Alternatively, if configuration has to be changed programatically and creating new files is not practical, configuration variables can be overriden using the NANOS6_CONFIG_OVERRIDE environment variable. The contents of this variable have to be in the format key1=value1,key2=value2,key3=value3,.... For example, to change the dependency implementation and CTF instrumentation: NANOS6_CONFIG_OVERRIDE="version.dependencies=discrete,version.instrument=ctf" ./ompss-program.

Scheduling options

The scheduling infrastructure provides the following configuration variables to modify the behavior of the task scheduler.
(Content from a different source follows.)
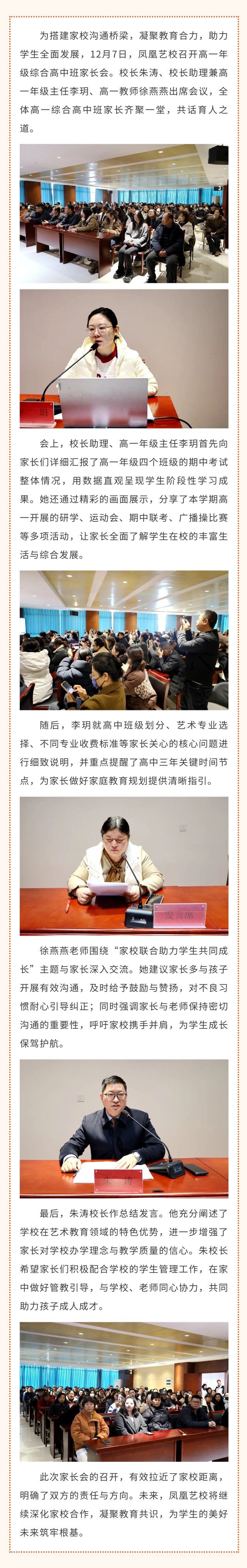 凤凰艺校召开高一年级综合高中班家长会

  • scheduler.policy: Specifies whether ready tasks are added to the ready queue using a FIFO (fifo) or a LIFO (lifo) policy. The fifo is the default.
  • scheduler.immediate_successor: Probability of enabling the immediate successor feature to improve cache data reutilization between successor tasks. If enabled, when a CPU finishes a task it starts executing the successor task (computed through their data dependencies). Default is 0.75.
  • scheduler.priority: Boolean indicating whether the scheduler should consider the task priorities defined by the user in the task's priority clause. Enabled by default.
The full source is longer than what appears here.